# [Given data]
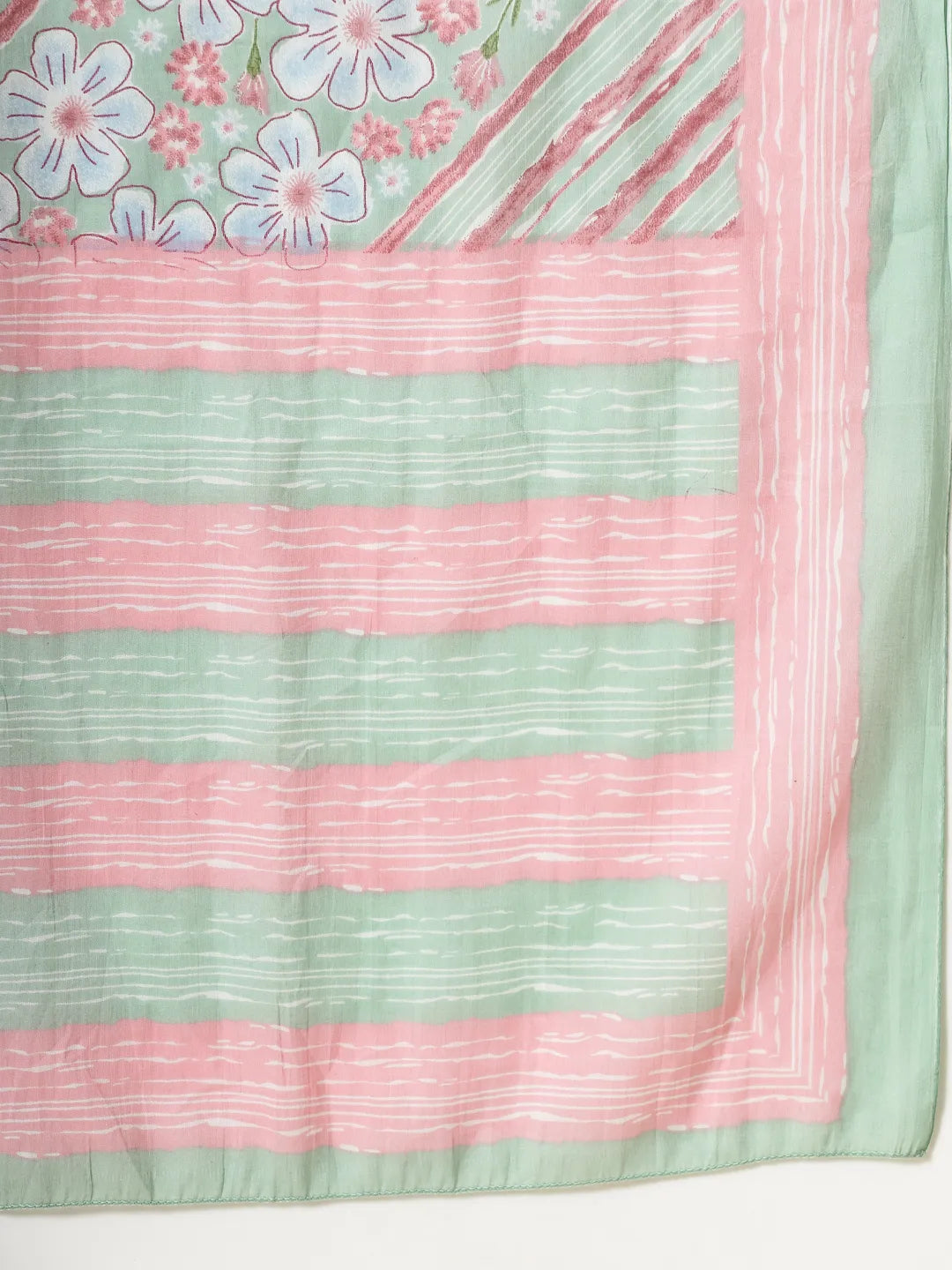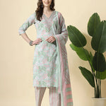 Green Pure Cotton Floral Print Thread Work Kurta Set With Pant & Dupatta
---
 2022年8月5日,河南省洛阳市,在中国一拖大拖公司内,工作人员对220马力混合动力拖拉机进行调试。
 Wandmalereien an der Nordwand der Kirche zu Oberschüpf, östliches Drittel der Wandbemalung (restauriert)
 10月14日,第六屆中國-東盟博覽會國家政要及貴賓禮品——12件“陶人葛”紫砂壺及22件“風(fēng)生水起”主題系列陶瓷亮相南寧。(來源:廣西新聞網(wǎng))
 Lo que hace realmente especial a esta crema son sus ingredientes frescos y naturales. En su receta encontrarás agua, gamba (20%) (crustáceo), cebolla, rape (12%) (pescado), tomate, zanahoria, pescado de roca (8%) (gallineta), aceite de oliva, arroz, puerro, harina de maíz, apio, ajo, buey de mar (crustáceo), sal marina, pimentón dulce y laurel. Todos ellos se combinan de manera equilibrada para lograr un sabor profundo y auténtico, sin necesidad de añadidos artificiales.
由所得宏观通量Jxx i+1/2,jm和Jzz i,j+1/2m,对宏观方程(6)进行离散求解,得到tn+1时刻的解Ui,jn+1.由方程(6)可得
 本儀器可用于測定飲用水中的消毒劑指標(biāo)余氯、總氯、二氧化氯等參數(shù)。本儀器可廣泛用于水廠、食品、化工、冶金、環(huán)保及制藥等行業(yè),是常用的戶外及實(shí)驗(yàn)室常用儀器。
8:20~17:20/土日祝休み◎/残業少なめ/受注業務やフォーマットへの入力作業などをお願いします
---
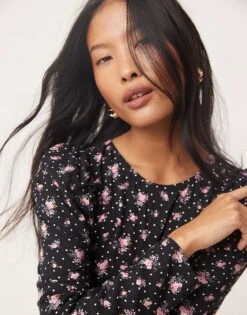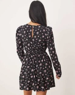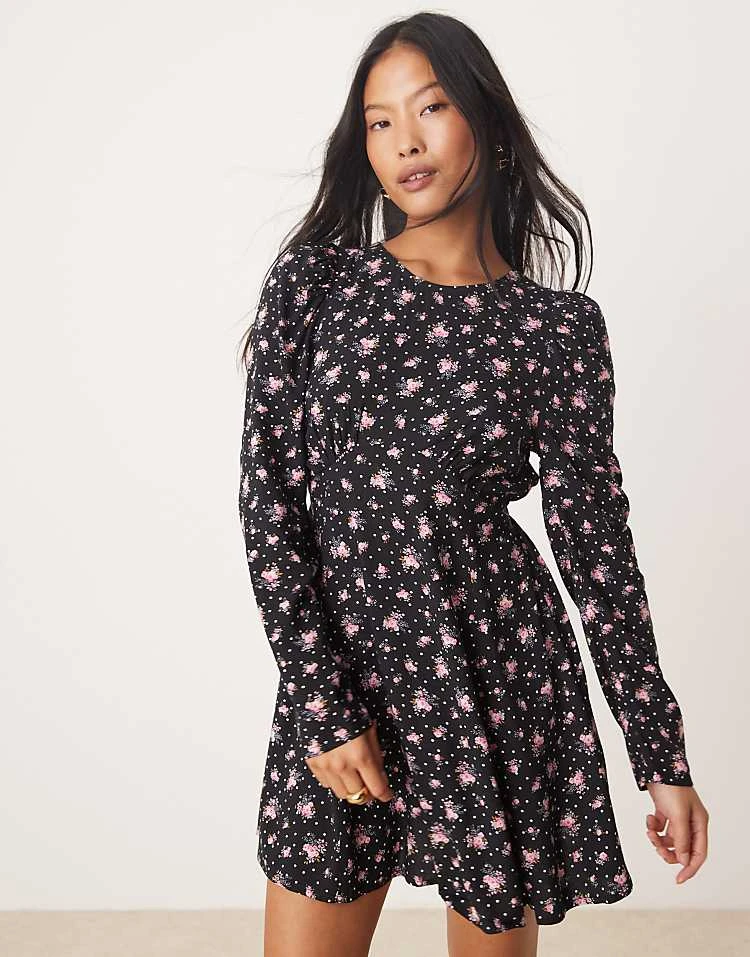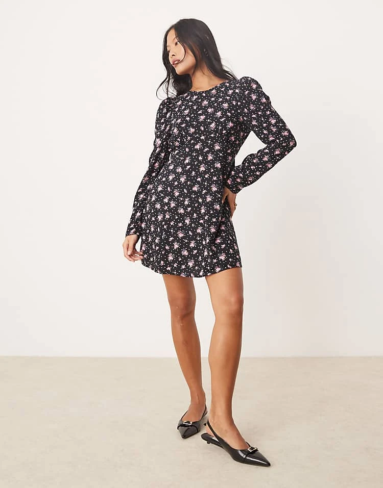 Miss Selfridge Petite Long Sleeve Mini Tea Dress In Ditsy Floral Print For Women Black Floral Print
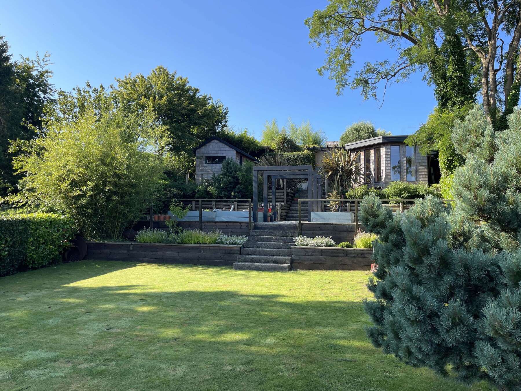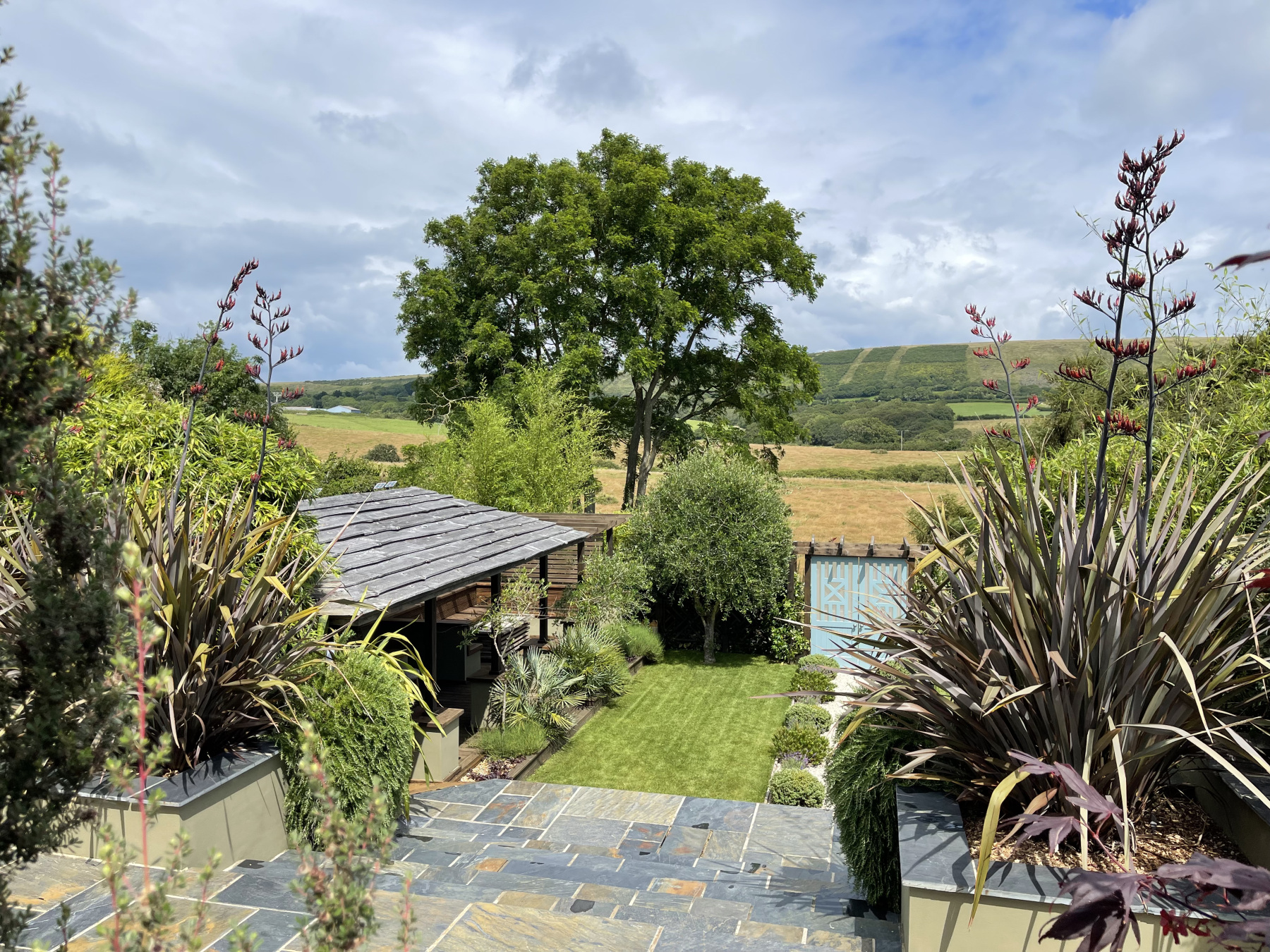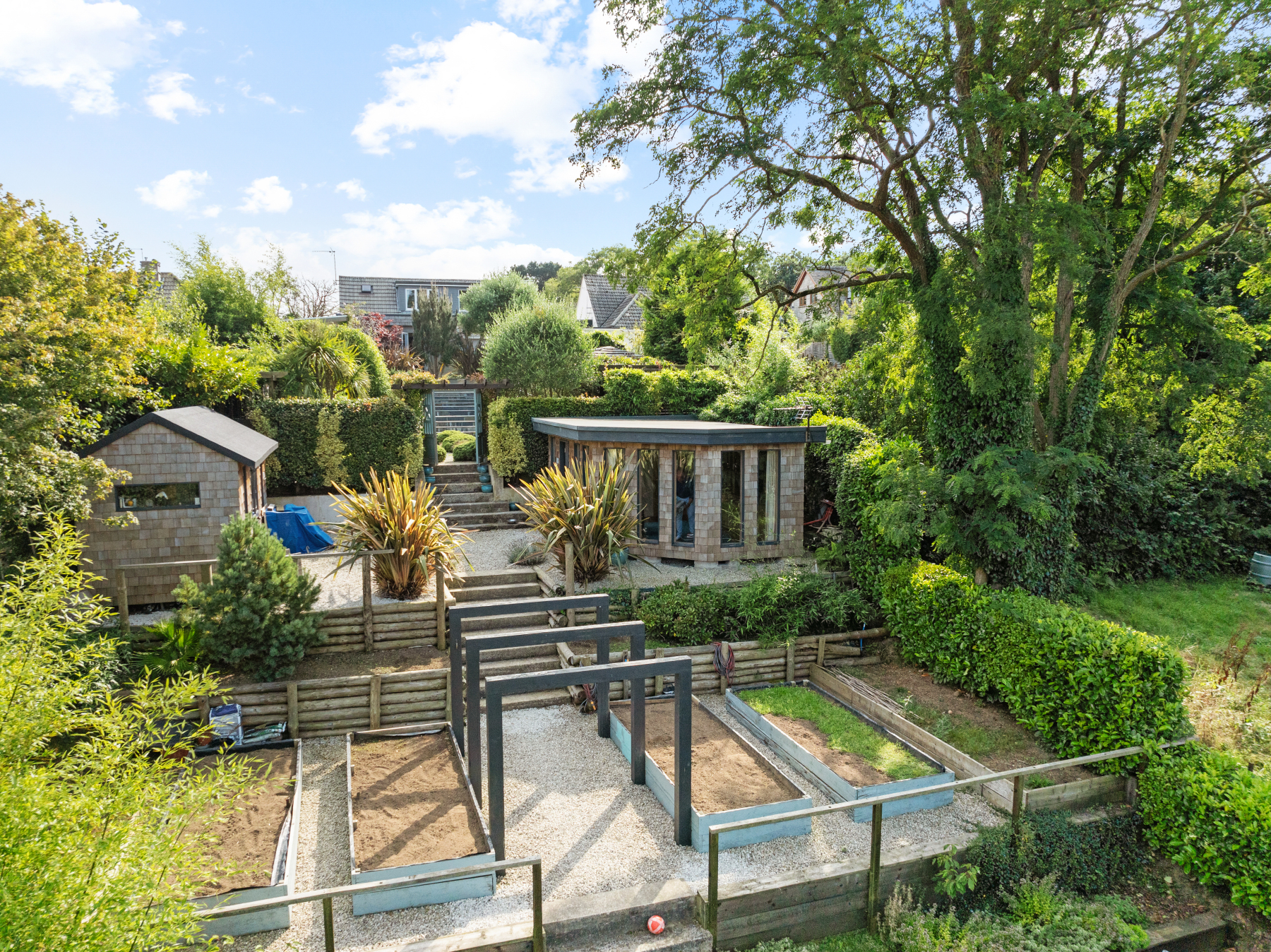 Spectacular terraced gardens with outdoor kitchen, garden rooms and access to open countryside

# [Task to complete]
Look above for the line with "2022年8月5日,河南省洛" and the line with "8:20~17:20/土日祝", and reproduce exactly those two lines plus every line between, nothing more.

# [Answer area]
 2022年8月5日,河南省洛阳市,在中国一拖大拖公司内,工作人员对220马力混合动力拖拉机进行调试。
 Wandmalereien an der Nordwand der Kirche zu Oberschüpf, östliches Drittel der Wandbemalung (restauriert)
 10月14日,第六屆中國-東盟博覽會國家政要及貴賓禮品——12件“陶人葛”紫砂壺及22件“風(fēng)生水起”主題系列陶瓷亮相南寧。(來源:廣西新聞網(wǎng))
 Lo que hace realmente especial a esta crema son sus ingredientes frescos y naturales. En su receta encontrarás agua, gamba (20%) (crustáceo), cebolla, rape (12%) (pescado), tomate, zanahoria, pescado de roca (8%) (gallineta), aceite de oliva, arroz, puerro, harina de maíz, apio, ajo, buey de mar (crustáceo), sal marina, pimentón dulce y laurel. Todos ellos se combinan de manera equilibrada para lograr un sabor profundo y auténtico, sin necesidad de añadidos artificiales.
由所得宏观通量Jxx i+1/2,jm和Jzz i,j+1/2m,对宏观方程(6)进行离散求解,得到tn+1时刻的解Ui,jn+1.由方程(6)可得
 本儀器可用于測定飲用水中的消毒劑指標(biāo)余氯、總氯、二氧化氯等參數(shù)。本儀器可廣泛用于水廠、食品、化工、冶金、環(huán)保及制藥等行業(yè),是常用的戶外及實(shí)驗(yàn)室常用儀器。
8:20~17:20/土日祝休み◎/残業少なめ/受注業務やフォーマットへの入力作業などをお願いします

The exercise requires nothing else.